Near Glenwood is an interesting little lake that I visited. Its water is exquisitely clear and very slightly warm. Though less than a foot deep in most places (it has one pool twelve feet in depth), it never freezes, in spite of the intense cold at this altitude. It is stocked with trout that do not grow to any size, but which do not on the other hand seem to diminish in numbers, although the consumption is considerable. The botany in the neighbourhood of the lake is very interesting, the larkspur, lupin, mimulus, violet, heart's-ease, ox-eye, and several other familiar plants of English gardens, growing wild, while a strongly tropical flavour is given to the vegetation by the superb footstools of cactus—imagine sixty-one brilliant scarlet blossoms on a cushion only fifteen inches across!—by the presence of a gorgeous oriole (the body a pure yellow freaked with black on the wings, and the head and neck a rich orange), and by a large butterfly of a clear flame-colour with the upper wings sharply hooked at the tips. Flower, bird, and insect were all in keeping with the Brazils or the Malayan Archipelago.
On a rock, close by the grist-mill, is the only specimen of the much-talked-of Indian "hieroglyphics" that I have seen. They may of course be hieroglyphics, but to me they look like the first attempts of some untutored savage youth to delineate in straight lines the human form divine. Or they may be only his attempts to delineate a cockroach.
CHAPTER XIV.
FROM GLENWOOD TO MONROE.
From Glenwood to Salina—Deceptiveness of appearances—An apostate Mormon's friendly testimony—-Reminiscences of the Prophet Joseph Smith—Rabbit-hunting in a waggon—Lost in the sagebrush—A day at Monroe—Girls riding pillion—The Sunday drum—Waiting for the right man: "And what if he is married?"—The truth about apostasy: not always voluntary.

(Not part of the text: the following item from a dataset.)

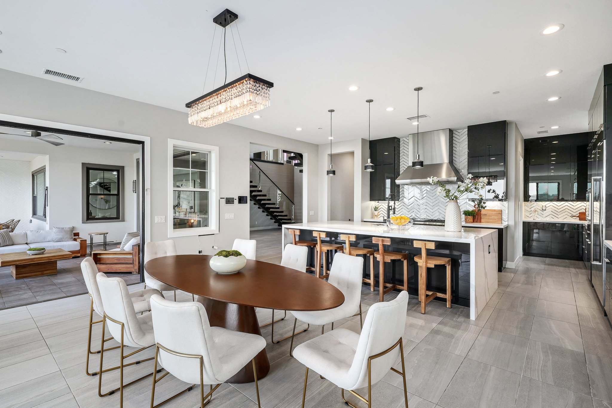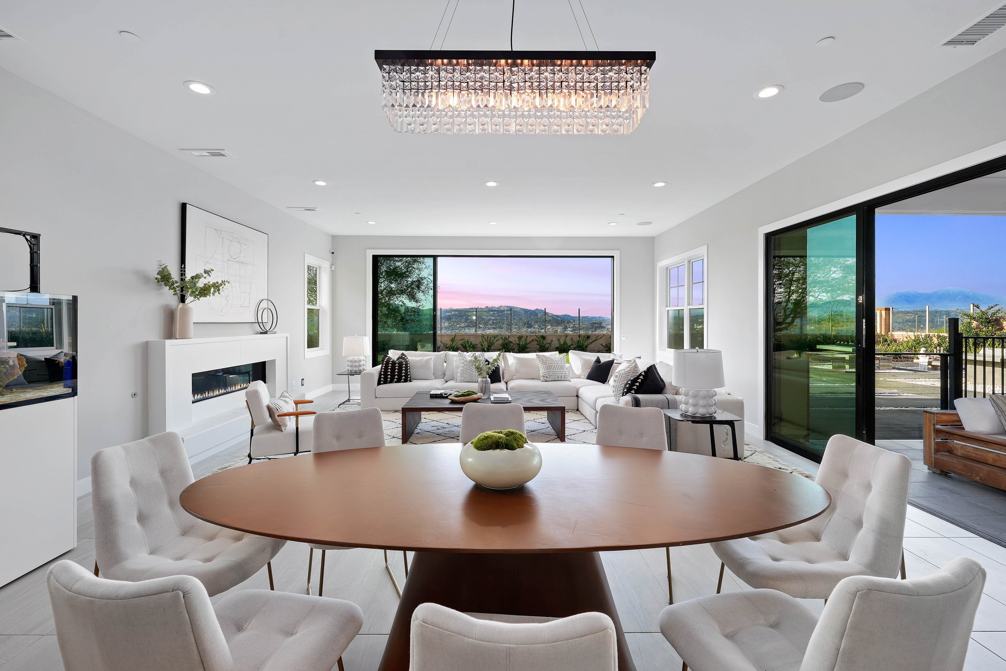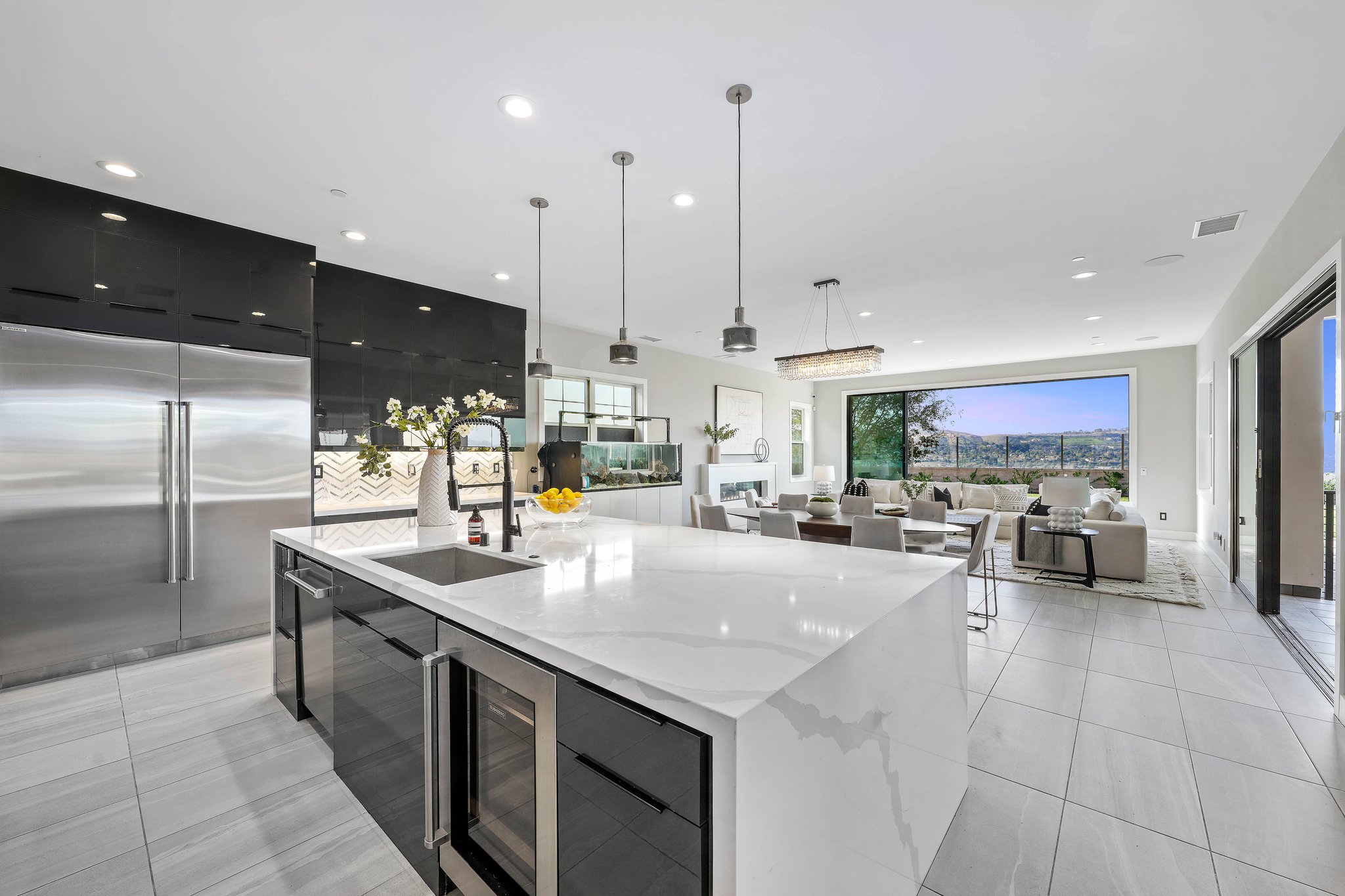 Situated in Tradewins, one of San Juan Capistrano's most prestigious covenant neighborhoods, this newly constructed masterpiece offers the pinnacle of contemporary luxury living. With 5 bedrooms, 5.5 bathrooms, and spanning approximately 5,873 square feet on a spacious 0.31-acre lot, this home is one of only 23 residences in this exclusive gated community. Upon entering, you are immediately captivated by the immense views that surround the property, providing a serene backdrop to everyday life. The open-concept floor plan seamlessly blends indoor and outdoor living, with expansive windows that flood the home with natural light. The gourmet kitchen is a chef's delight, featuring Wolf and Sub-Zero appliances, sleek custom cabinetry, and a large center island, perfect for entertaining. The luxurious primary suite is a private retreat, boasting a spa-like bathroom and a spacious walk-in closet. Additional features include a 2-car garage, high ceilings, a gaming room, and a theater, providing ample space for entertainment and relaxation. The home is also equipped with solar panels, ensuring energy efficiency and cost savings. Outside, the expansive backyard is an entertainer's paradise, with a full outdoor barbeque area, pristine landscaping, and plenty of space for outdoor dining and relaxation. With its contemporary design and luxurious amenities, this home offers a truly unparalleled living experience. Located just minutes from world-class dining, shopping, and entertainment, this is a rare opportunity to own a piece of paradise in one of San Juan Capistrano's most exclusive neighborhoods. Don't miss out on the chance to make this extraordinary home your own!

SOON after leaving Glenwood, cultivation dies out, and for twelve miles or so the rabbit-brush and grease-wood—the "atriplex" of disagreeably scientific travellers, who always speak of sage-brush as "artemisia," and disguise the gentle chipmunk as "spermophilus"—divide the land between them. The few flowers, and these all dwarfed varieties, attest the poverty of the soil. The mountains, however, do their best to redeem the landscape, and the scenery, as desolate scenery, is very fine. The ranges that have on either hand rolled along an unbroken series of monotonous contour, now break up into every conceivable variety of form, mimicking architecture or rather multiplying its types, and piling bluffs, pierced with caves, upon terraces, and pinnacles upon battlements. Causeways, like that in Echo Canyon, slant down their slopes, and other vestiges of a terrific aqueous action abound. Next to this riot of rock comes a long series of low hills, grey, red, and yellow, utterly destitute of vegetation, and so smooth that it looks as if the place were a mountain-yard, where Nature made her mountains, and had collected all her materials about her in separate convenient mounds before beginning to mix up and fuse. In places they were richly spangled with mica, giving an appearance of sparkling, trickling water to the barren slopes.

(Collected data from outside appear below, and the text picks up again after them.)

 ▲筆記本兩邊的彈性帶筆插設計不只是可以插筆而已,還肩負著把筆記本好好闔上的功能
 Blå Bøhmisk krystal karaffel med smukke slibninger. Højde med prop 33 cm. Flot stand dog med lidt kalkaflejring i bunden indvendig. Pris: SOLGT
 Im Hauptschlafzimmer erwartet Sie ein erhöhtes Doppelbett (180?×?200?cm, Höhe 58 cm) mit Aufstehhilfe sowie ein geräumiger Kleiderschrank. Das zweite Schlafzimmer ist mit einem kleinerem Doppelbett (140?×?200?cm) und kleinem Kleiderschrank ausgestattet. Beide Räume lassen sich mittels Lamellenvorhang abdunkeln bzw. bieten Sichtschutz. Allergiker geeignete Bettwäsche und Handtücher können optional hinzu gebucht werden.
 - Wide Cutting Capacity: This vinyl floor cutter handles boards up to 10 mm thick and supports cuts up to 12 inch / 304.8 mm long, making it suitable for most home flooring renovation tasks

On the other side of the valley, the mountains, discountenancing such frivolities, had settled down into solid-bottomed masses of immense bulk, the largest mountains, in superficial acreage, I had seen all the journey, and densely cedared.
With Gunnison in sight across the valley, we reached Willow Creek, a pleasant diversion of water and foliage in the dreary landscape, and an eventful spot in the last Indian war, for among these willows here Black Hawk made a stand to dispute the Mormons' pursuit of their plundered stock, and held the creek, too, all the day. And so out on to the monotonous grease-wood levels again—an Indians' camp fire among the cedars, the only sign of a living thing—and over another "divide," and so into the Sevier Valley. The river is seen flowing along the central depression, with the Red-Mound settlement on the other side of the stream, and Salina on this side of it, lying on ahead.

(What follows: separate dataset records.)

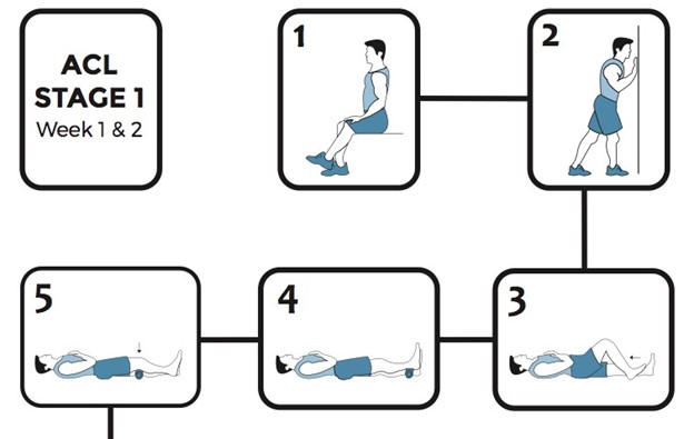 - Muscle activation: Quadriceps and hamstring strengthening begins with low-resistance exercises like leg raises and heel slides.
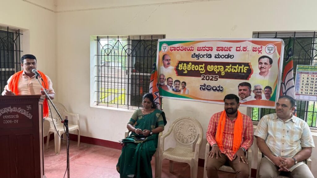 ಬೆಳ್ತಂಗಡಿ: ತಾಲೂಕಿನ ನೆರಿಯ ಗ್ರಾಮದಲ್ಲಿ ಭಾರತೀಯ ಜನತಾ ಪಾರ್ಟಿ ಬೆಳ್ತಂಗಡಿ ಮಂಡಲ ವತಿಯಿಂದ ಪಕ್ಷ ಸಂಘಟನಾ ದೃಷ್ಟಿಯಿಂದ ನೆರಿಯ ಶಕ್ತಿ ಕೇಂದ್ರ ಮಟ್ಟದ ಅಭ್ಯಾಸ ವರ್ಗ ಸಭೆ ಸೇವಾ ಸಹಕಾರಿ ಸಭಾ ಭವನದಲ್ಲಿ ಸೆ. 7 ರಂದು ನಡೆಯಿತು.
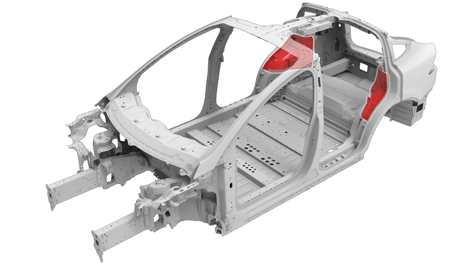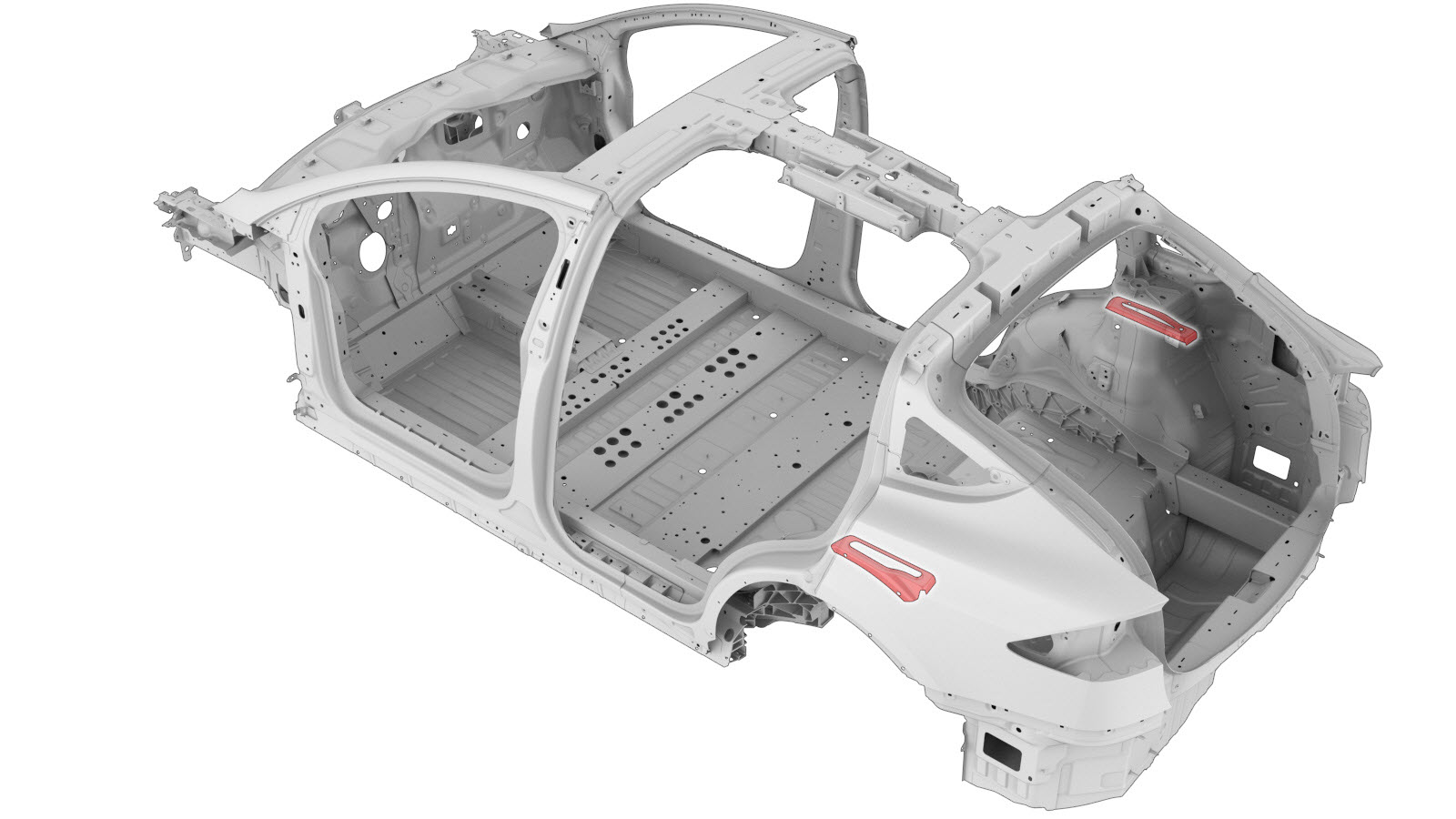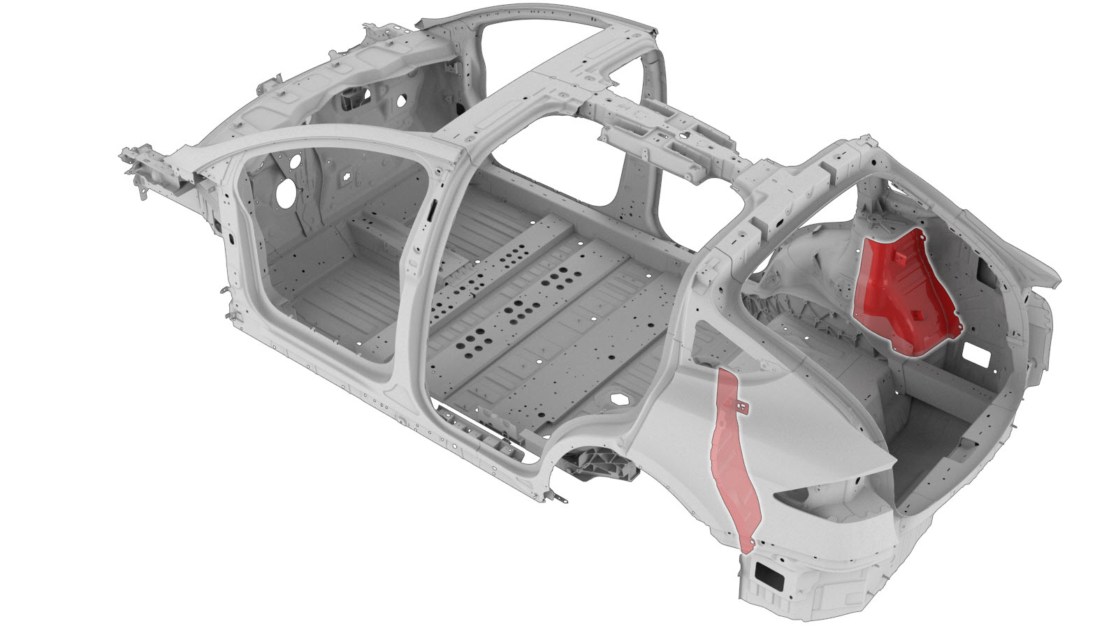 Rear Quarter Inner Panels D–Pillar Inner Reinforcement Double Spur Reinforcement (LH) Enclosure Attachment Bracket (Upper) Inner Wheelhouse Reinforcement Mount Rear Header Applique Bracket Rear Node Outer Reinforcement Rear Shock Tower NVH Reinforcement Rear Shock Tower Reinforcement Wheelhouse Extension (Front) Wheelhouse Front Wheelhouse Outer Wheelhouse Rear

Salina is one of those places it is very hard to catch. You see it first "about seven" miles off, and after travelling towards it for an hour and a half, find you have still "eight miles or so" to go. "Appearances are very deceptive in this country," as these people delight in saying to new-comers, and the following story is punctually told, at every opportunity, to illustrate it.
A couple of Britishers (of course "Britishers") started off from their hotel "to walk over to that mountain there," just to get an appetite for breakfast. About dinner-time one of them gave up and came back, leaving his obstinate friend to hunt the mountain by himself. After dining, however, he took a couple of horses and rode out after his friend, and towards evening came up with him just as he was taking off his shoes and stockings by the side of a two-foot ditch.